Reproduce the entire listing exactly as written, apart from its pictures.

Supplied material START

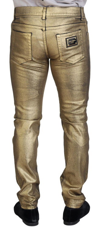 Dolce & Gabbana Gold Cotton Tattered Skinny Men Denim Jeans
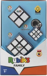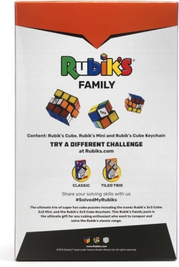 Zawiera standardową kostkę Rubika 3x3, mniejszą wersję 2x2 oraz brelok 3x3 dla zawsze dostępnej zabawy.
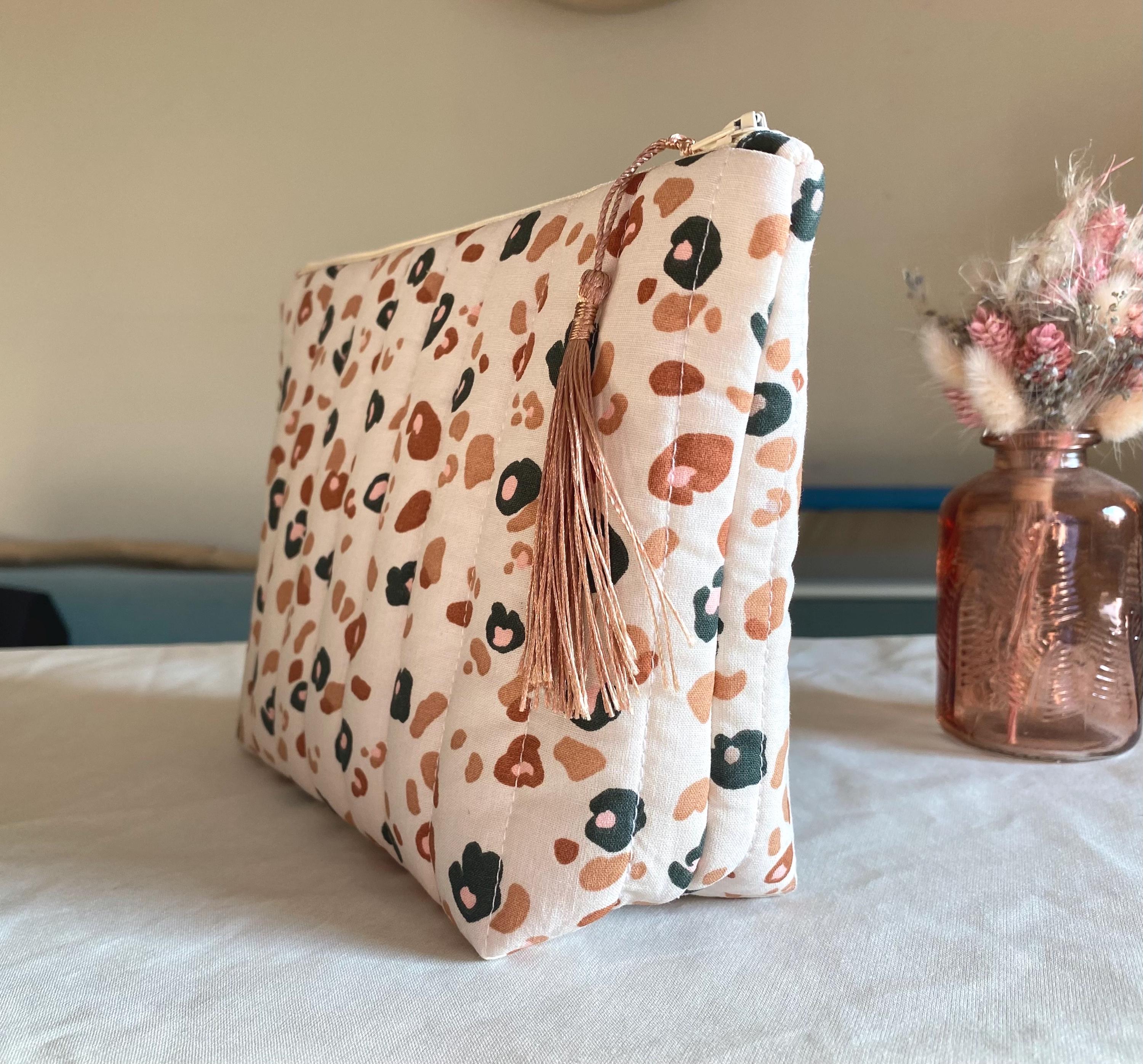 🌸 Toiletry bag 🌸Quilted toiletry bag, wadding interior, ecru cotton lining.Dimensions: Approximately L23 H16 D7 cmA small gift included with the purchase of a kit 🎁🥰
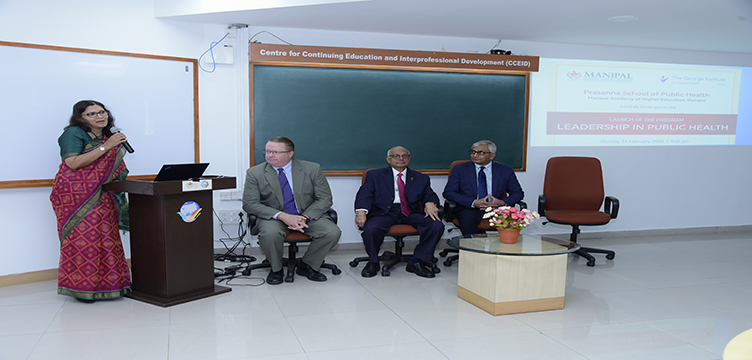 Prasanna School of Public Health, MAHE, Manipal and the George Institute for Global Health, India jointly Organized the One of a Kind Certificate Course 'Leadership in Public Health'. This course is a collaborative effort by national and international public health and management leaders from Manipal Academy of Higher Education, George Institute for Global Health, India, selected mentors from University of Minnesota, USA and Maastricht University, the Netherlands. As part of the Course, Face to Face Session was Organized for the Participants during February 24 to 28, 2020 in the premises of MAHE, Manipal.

Supplied material END

### Exercise response
 Dolce & Gabbana Gold Cotton Tattered Skinny Men Denim Jeans
 Zawiera standardową kostkę Rubika 3x3, mniejszą wersję 2x2 oraz brelok 3x3 dla zawsze dostępnej zabawy.
 🌸 Toiletry bag 🌸Quilted toiletry bag, wadding interior, ecru cotton lining.Dimensions: Approximately L23 H16 D7 cmA small gift included with the purchase of a kit 🎁🥰
 Prasanna School of Public Health, MAHE, Manipal and the George Institute for Global Health, India jointly Organized the One of a Kind Certificate Course 'Leadership in Public Health'. This course is a collaborative effort by national and international public health and management leaders from Manipal Academy of Higher Education, George Institute for Global Health, India, selected mentors from University of Minnesota, USA and Maastricht University, the Netherlands. As part of the Course, Face to Face Session was Organized for the Participants during February 24 to 28, 2020 in the premises of MAHE, Manipal.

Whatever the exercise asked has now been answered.